__Records for processing__
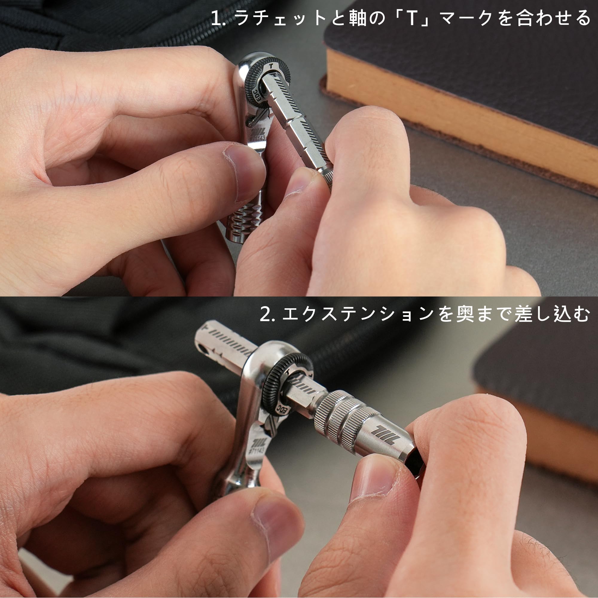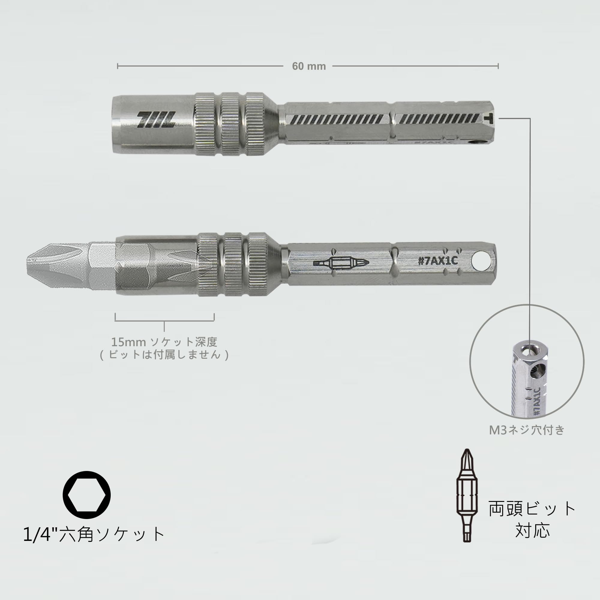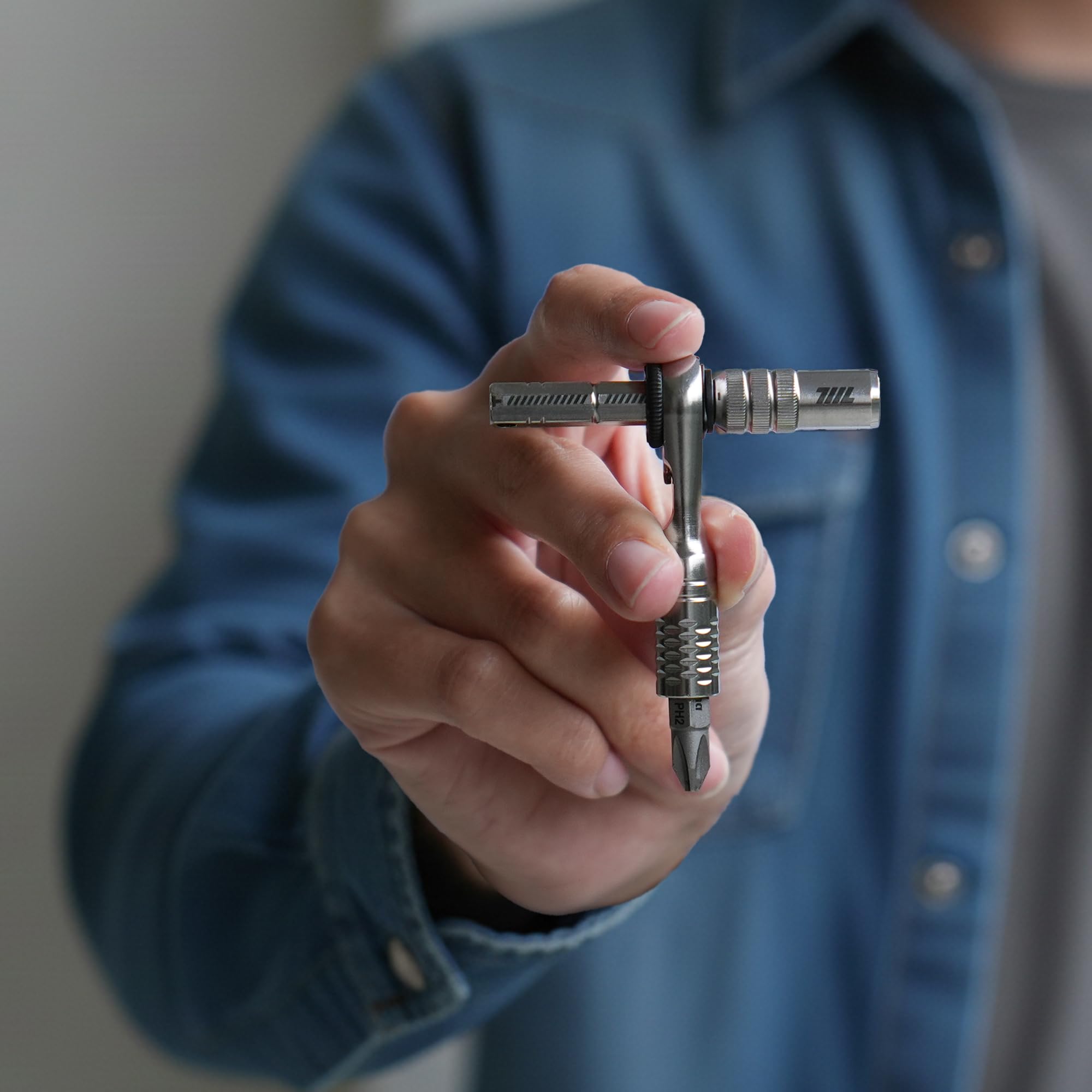 よりコンパクトで高性能なEDCツールを求めているなら、この711L 磁気ビット延長アダプターは、あなたのキットに永続的な居場所を確保する価値のあるアップグレードです。15mmのディープソケットは、標準ビットから両頭ビット、さらには長めの片頭ビットまで余裕を持って対応。持ち運ぶ工具を増やすことなく、対応範囲を広げることができます。 このアダプターの真骨頂は、その巧妙な3-in-1デザインにあります。711L ミニラチェットレンチや Flex HEX とスナップ接続することで、延長モード、T型ハンドルモード、L型ハンドルモードを使い分け、小さなフットプリントで強力なトルク制御を可能にします。 素材には耐食性に優れたステンレス鋼を使用し、表面には滑りにくいローレット加工を施しているため、オイルで汚れた手や作業用手袋越しでも安定した操作感を維持します。また、M3ネジ穴とキーリング接続点を備えており、ランヤードやクリップを取り付けるなど、ユーザー好みのカスタマイズも自由自在です。 すべての711L製品と同様に、本製品は台湾で精密に製造されており、お手持ちの他のギアとシームレスに連携するように設計されています。
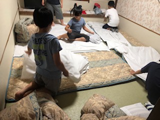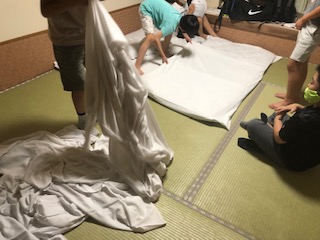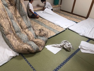 部屋に布団を敷いていきます。かなり苦労していました。(写真はすべて男子の部屋です)
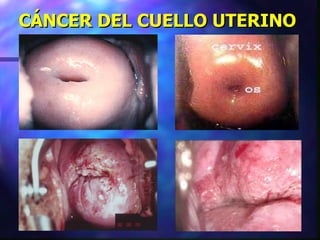 Este documento trata sobre el cáncer de cuello uterino. Resume la epidemiología, factores de riesgo, diagnóstico, estadificación y tratamiento de esta enfermedad. Explica que el cáncer de cuello uterino es un problema de salud pública y la cuarta causa de muerte por cáncer en Perú. Los factores de riesgo incluyen infecciones por VPH, número de parejas sexuales, edad y tabaquismo. El diagnóstico se realiza mediante Papanicolaou y colposcopía. Existen
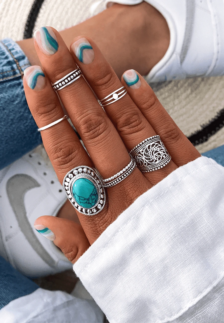 El anillo GARMEE es un anillo de Piedra Turquesa y Plata de Ley 925. Esta joyita es superbonita y original, su color azul verdoso llama mucho la atención.
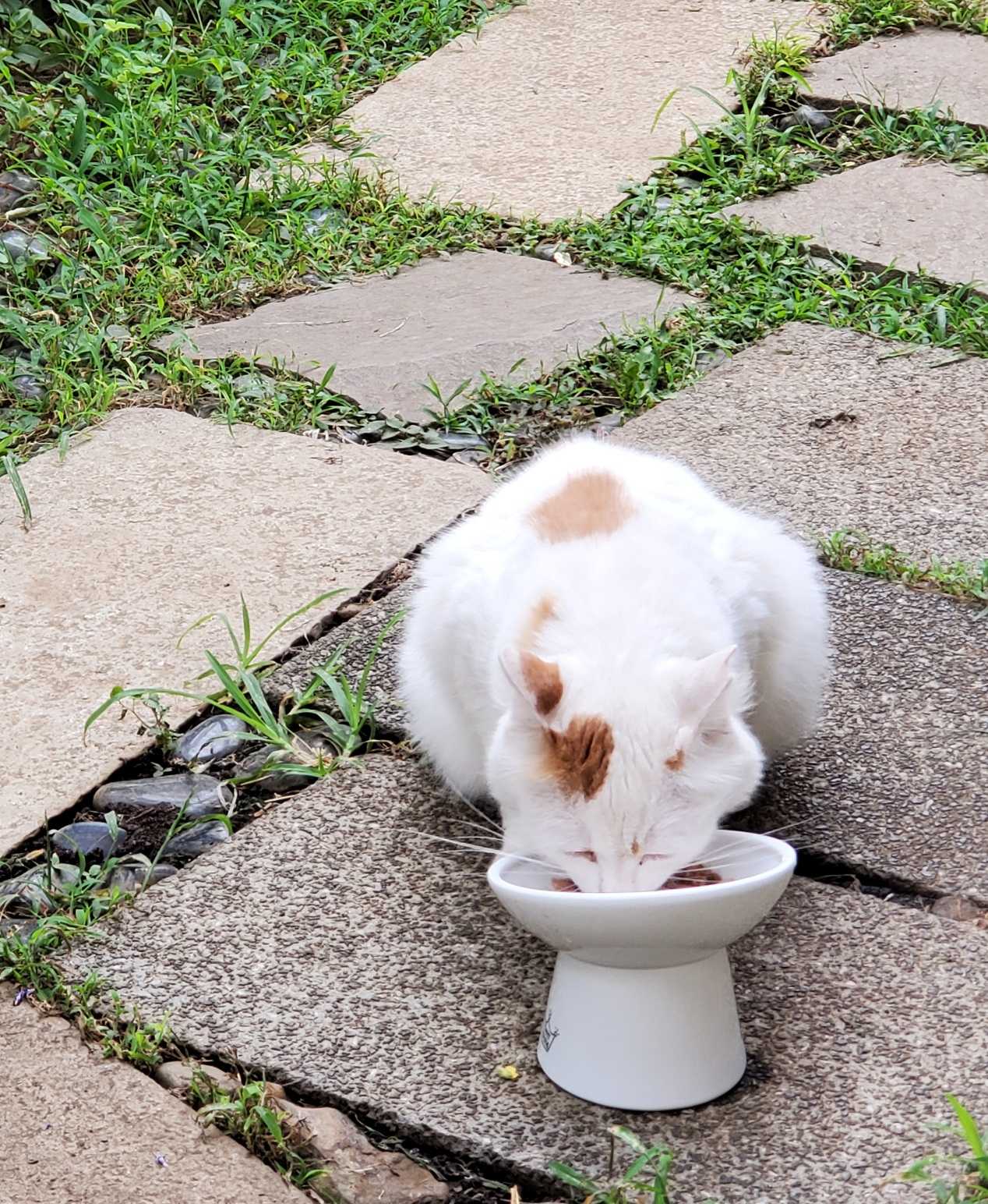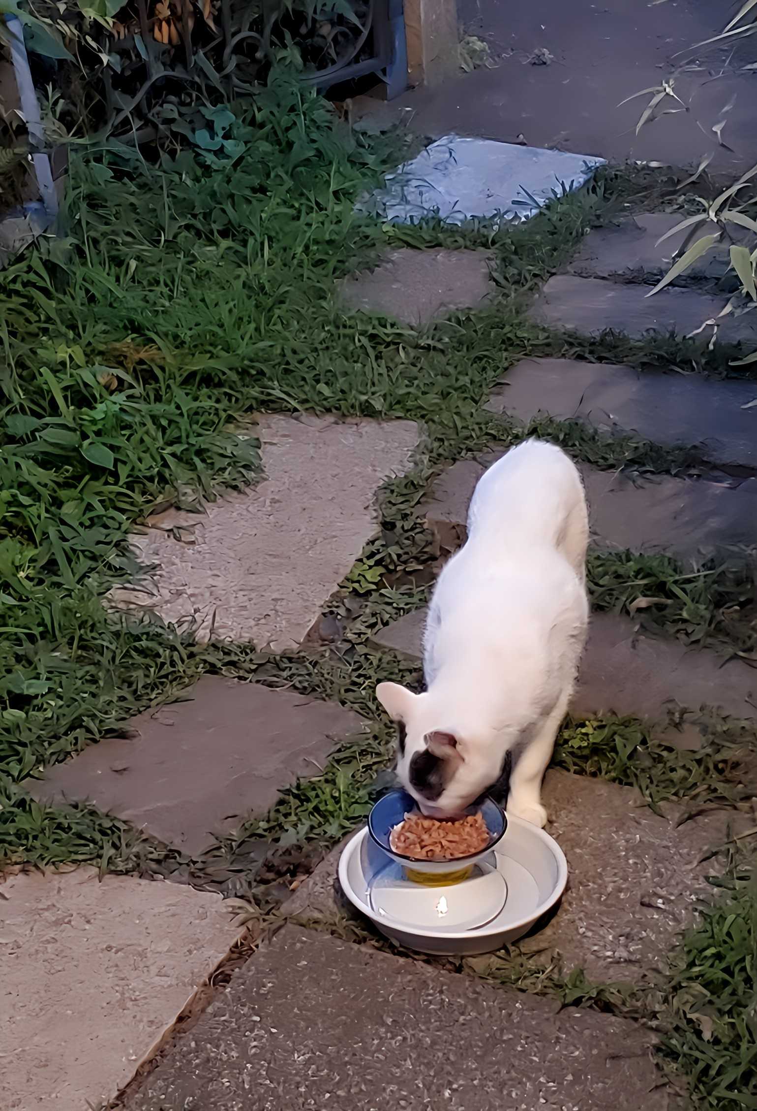 シュガーちゃんは早朝に続いて、夜の19時に再びご飯を食べに来ました。今回は、ちゃんとノミ・ダニのお薬を飲んで貰いました🎵夢中になって食べているかと思えば、後ろを気にして振り返ったり…💧先ずは、チロや宅配便の人にぶつからなくて良かったですにゃ❗
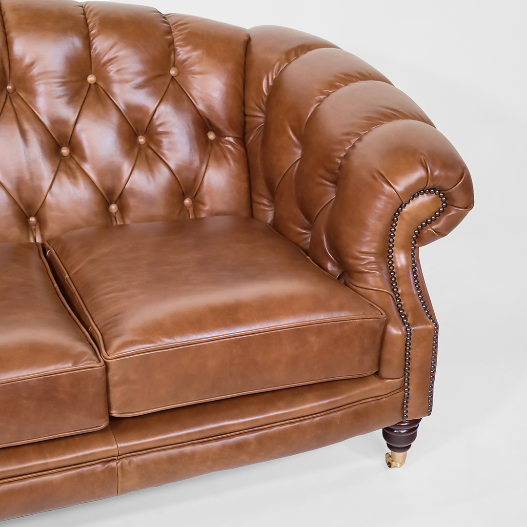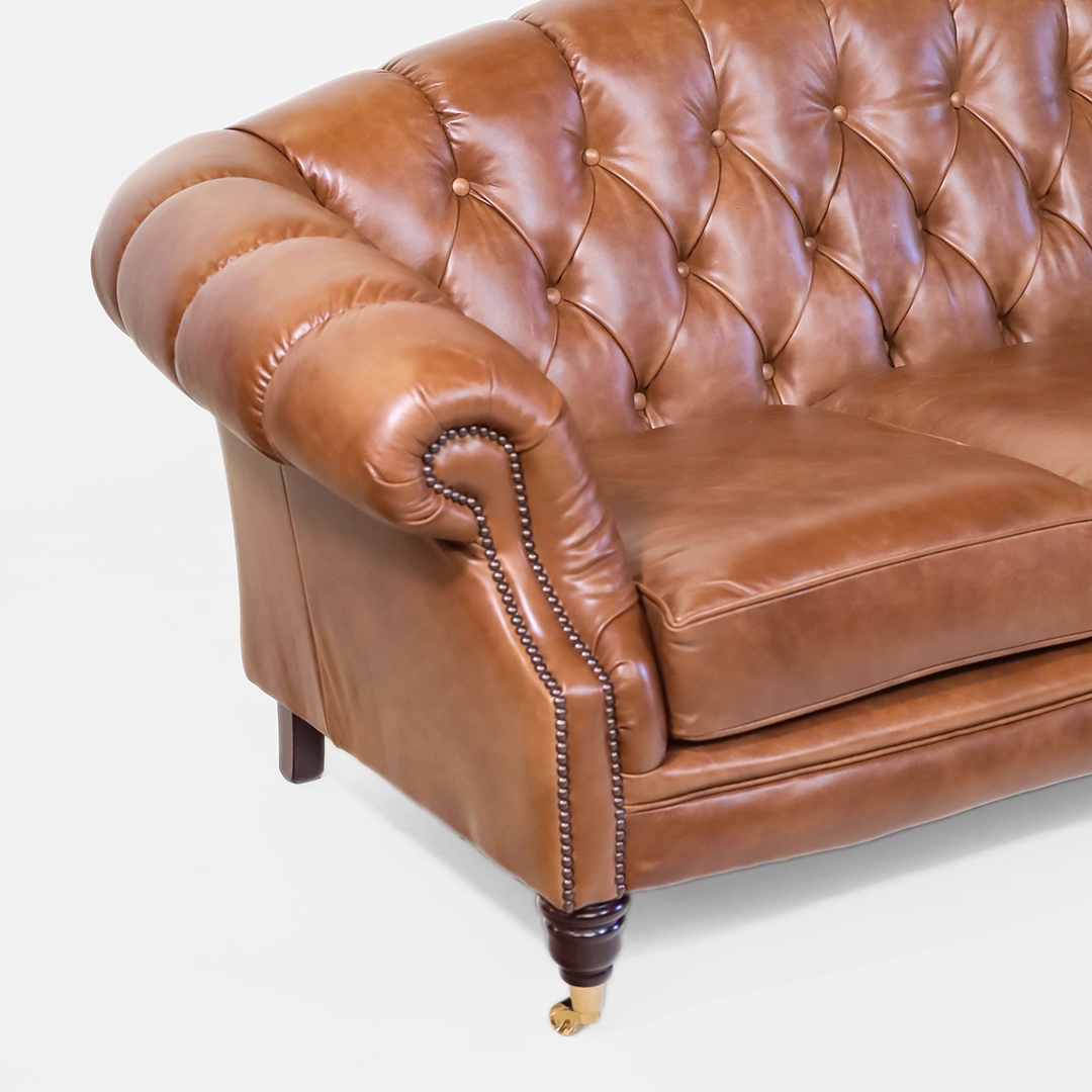 Das original englische Chesterfield Sofa "Paisley" ist ein besonderes Modell aus echtem Anilinleder und mit massivem Buchenrahmen.

__Task goal__
Starting with the line that holds "シュガーちゃんは早朝に続いて", transcribe exactly each line through the last one of the material above, and nothing else. Do not include pictures.

__Written response__
 シュガーちゃんは早朝に続いて、夜の19時に再びご飯を食べに来ました。今回は、ちゃんとノミ・ダニのお薬を飲んで貰いました🎵夢中になって食べているかと思えば、後ろを気にして振り返ったり…💧先ずは、チロや宅配便の人にぶつからなくて良かったですにゃ❗
 Das original englische Chesterfield Sofa "Paisley" ist ein besonderes Modell aus echtem Anilinleder und mit massivem Buchenrahmen.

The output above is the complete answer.